In celebration of Earth Day’s 51st anniversary, CU Boulder Today explores 10 research-related discoveries that have the potential to positively change the way we live and soften humanity’s imprint on our precious planet.
We can reshape our streets
Reduced vehicle traffic in America’s cities amid the pandemic resulted in cleaner air, and once-busy streets became quiet. Some cities temporarily took urban streets back from cars, prioritizing pedestrians and bicycles. According to Kevin J. Krizek, professor of transport in the programs of Environmental Design and Environmental Studies, this sudden change shows us that there are positive ways that the pandemic could quickly reshape our streets and relationship to cars. Increasing and incentivizing transportation options for cyclists and pedestrians over cars could lead to safer streets and fewer carbon dioxide emissions.
Transit is charging ahead
There’s also exciting research advances being made in the realm of electric transit—and not just with the vehicles themselves. ASPIRE—Advancing Sustainability through Powered Infrastructure for Roadway Electrification—is a new center focused on developing infrastructure and systems that facilitate the widespread adoption of electric vehicles. Think electrified highways, optimally placed charging stations, data security and workforce development. CU Boulder will play a major role in this new center, headquartered at Utah State University.
After water, concrete is the second most consumed material on Earth: 2 tons per person are manufactured each year. The production of cement alone—the powder that is used to make concrete—is responsible for about 8% of global carbon dioxide emissions.

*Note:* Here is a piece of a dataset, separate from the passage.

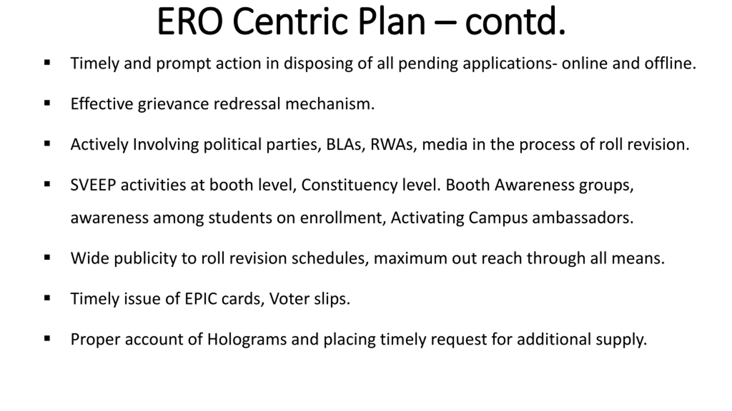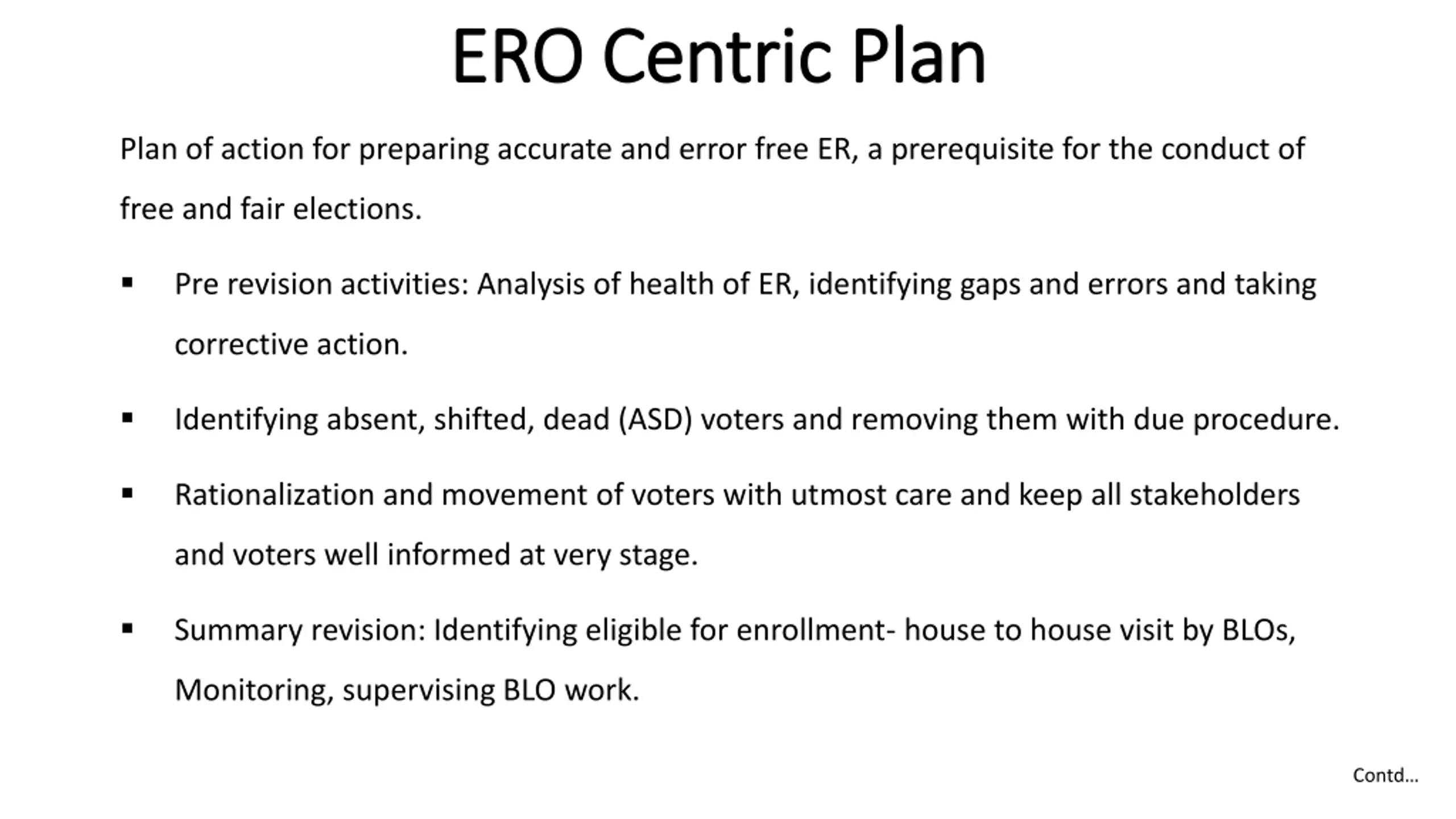 ERO Centric Plan ERO Centric Plan Plan of action for preparing accurate and error free ER, a prerequisite for the conduct of free and fair elections. Pre revision activities: Analysis of health of ER, identifying gaps and errors and taking corrective action. Identifying absent, shifted, dead (ASD) voters and removing them with due procedure. Rationalization and movement of voters with utmost care and keep all stakeholders and voters well informed at very stage. Summary revision: Identifying eligible for enrollment- house to house visit by BLOs, Monitoring, supervising BLO work. Contd

What if there was a way to drastically reduce cement and concrete emissions? CU Boulder researchers have discovered that a synthetic molecule based on natural antifreeze proteins minimizes freeze-thaw damage and increases the strength and durability of concrete, improving the longevity of new infrastructure and decreasing carbon emissions. In the face of climate change, Wil Srubar III, assistant professor of civil, environmental and architectural engineering, is creating solutions that will last a lifetime.
What if your house could power itself even in the coldest of climates at high altitudes? That’s what a team of CU students set out to prove, and in the process, won first place in the 2021 U.S. Department of Energy Solar Decathlon Build Challenge. The CU Boulder “SPARC” house (Sustainability, Performance, Attainability, Resilience and Community) was designed and built to address the housing attainability crisis and construction challenges faced by mountain towns across the country. With its state-of-the-art energy efficiency systems, the SPARC house is already selling energy back to the local power grid—all while temperatures still drop below freezing at night and the new homeowners use it to charge their electric car.
In the mountains west of Boulder, Colorado, a long-term trend of ecological improvement is appearing. Researchers have found that Niwot Ridge—a high alpine area of the Rocky Mountains, east of the Continental Divide—is slowly recovering from increased acidity caused by vehicle emissions in Colorado’s Front Range. This is good news for the wildlife and wildflowers of Rocky Mountain National Park to the north and for water quality in the Front Range. According to Jason Neff, director of the Sustainability Innovation Lab at Colorado (SILC), by controlling vehicle emissions, the places we value in Colorado are returning to how they used to be.